[[ GIVEN DATA open ]]
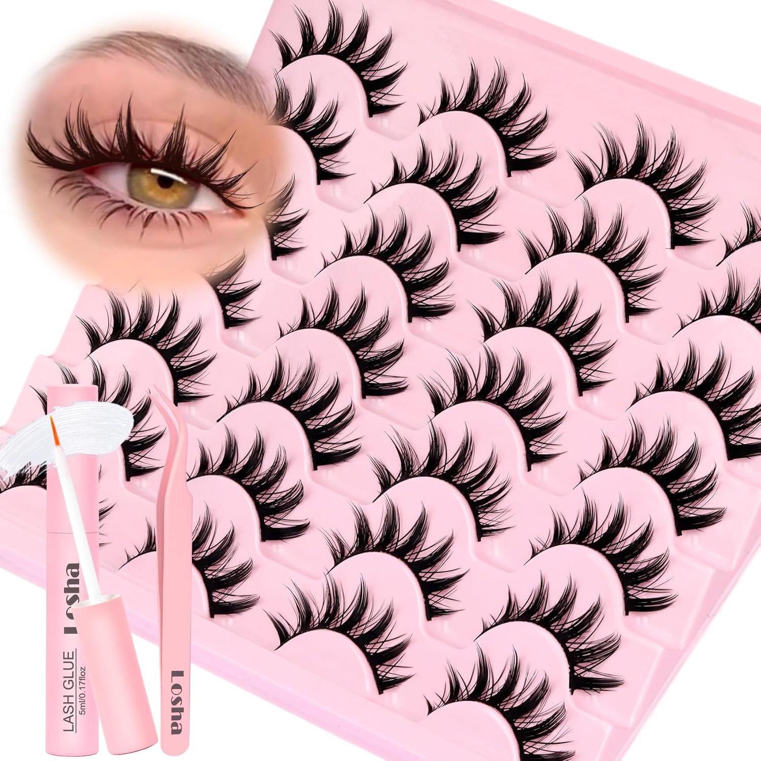 Losha Lashes Spiky Manga Lashes 14 Pairs Wispy False Eyelashes Natural Eye Lashes Kit with Lash Glue and Lash Tweezers Soft Anime Fake Eyelashes (Fairy)
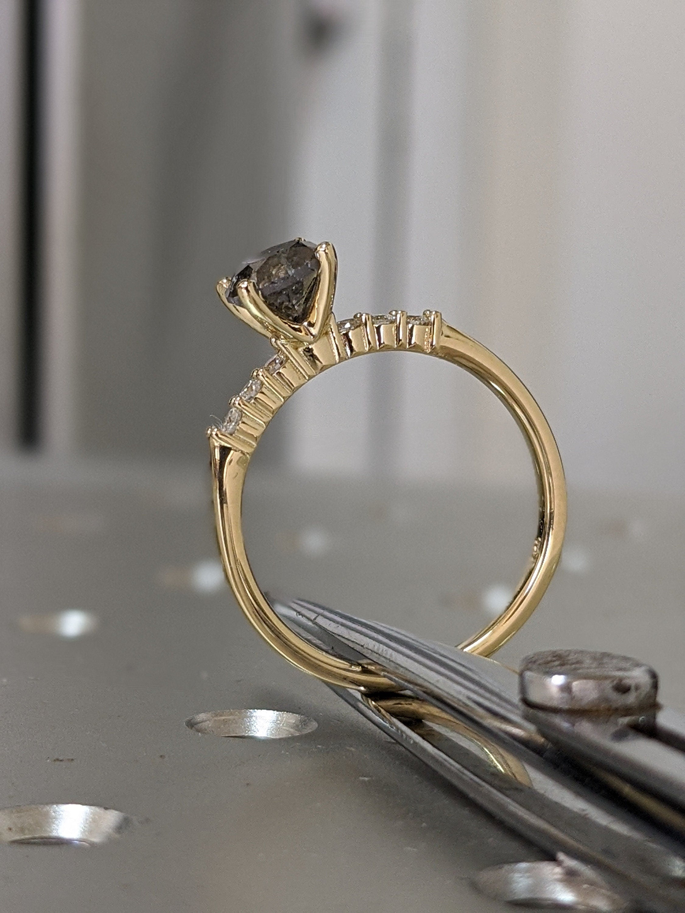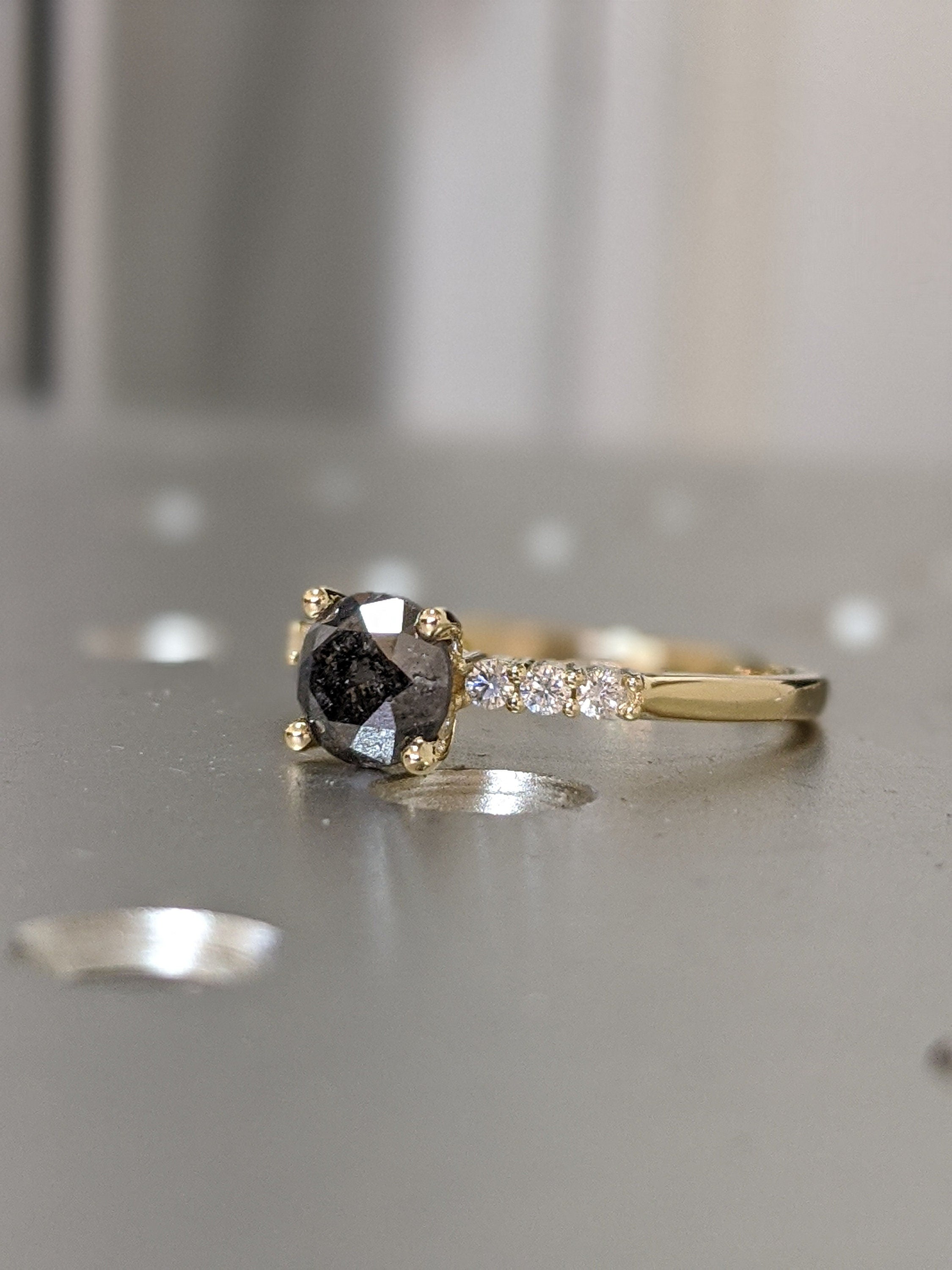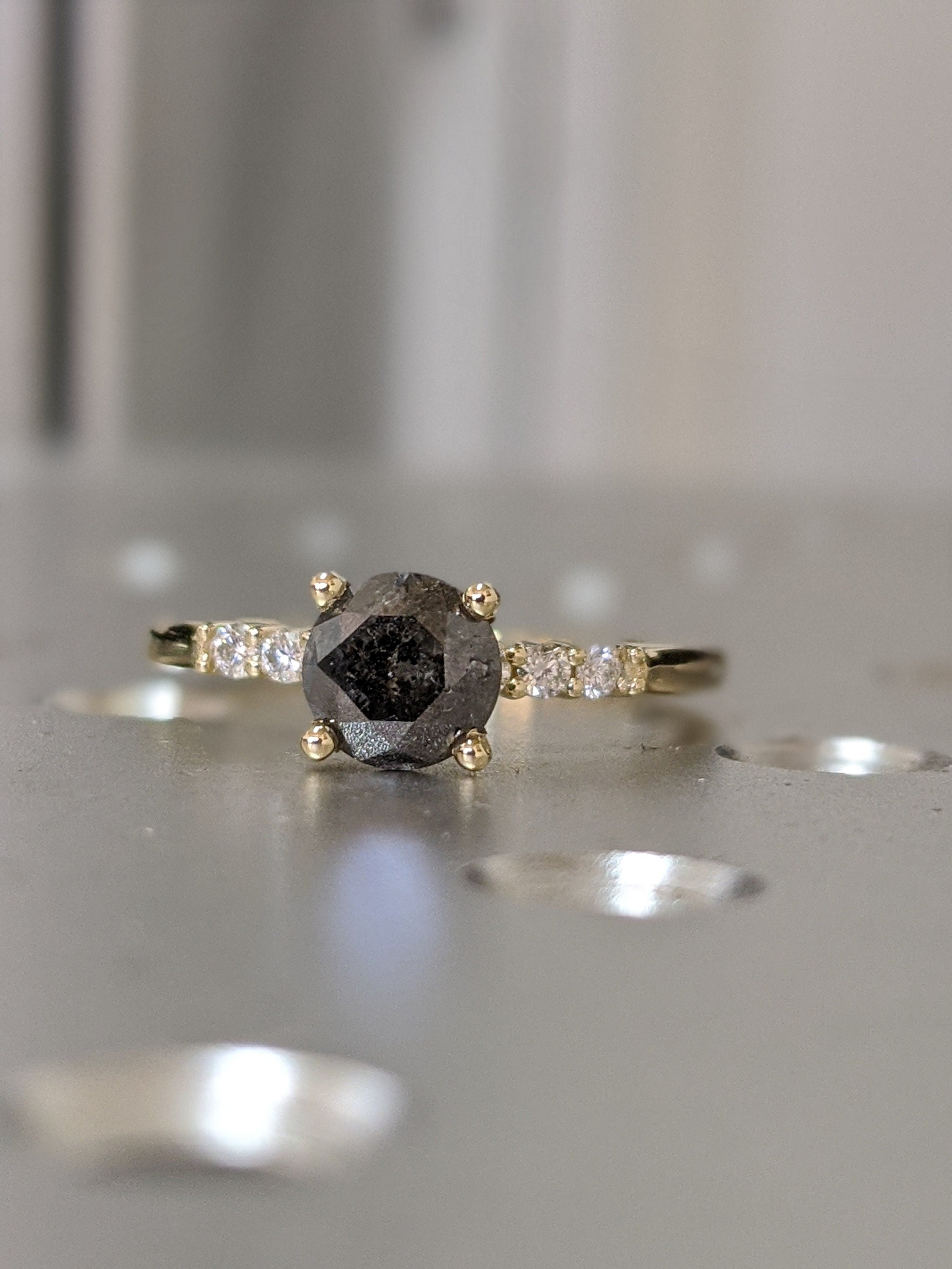Salt And Pepper Diamond Ring, Rose Cut Salt And Pepper Diamond Engagement Ring, Grey Diamond Ring, Salt And Pepper Ring
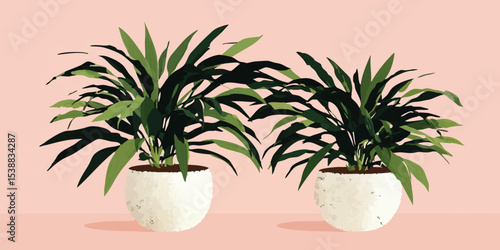 Two lush potted plants, captured in a symmetrical and balanced composition, against a warm, inviting backdrop. They enhance serenity and add freshness to an environment.
[[ GIVEN DATA closed ]]
WHAT IS BEING ASKED - Would you copy each line above exactly as given, dropping any images?

EXERCISE OUTPUT -
 Losha Lashes Spiky Manga Lashes 14 Pairs Wispy False Eyelashes Natural Eye Lashes Kit with Lash Glue and Lash Tweezers Soft Anime Fake Eyelashes (Fairy)
Salt And Pepper Diamond Ring, Rose Cut Salt And Pepper Diamond Engagement Ring, Grey Diamond Ring, Salt And Pepper Ring
 Two lush potted plants, captured in a symmetrical and balanced composition, against a warm, inviting backdrop. They enhance serenity and add freshness to an environment.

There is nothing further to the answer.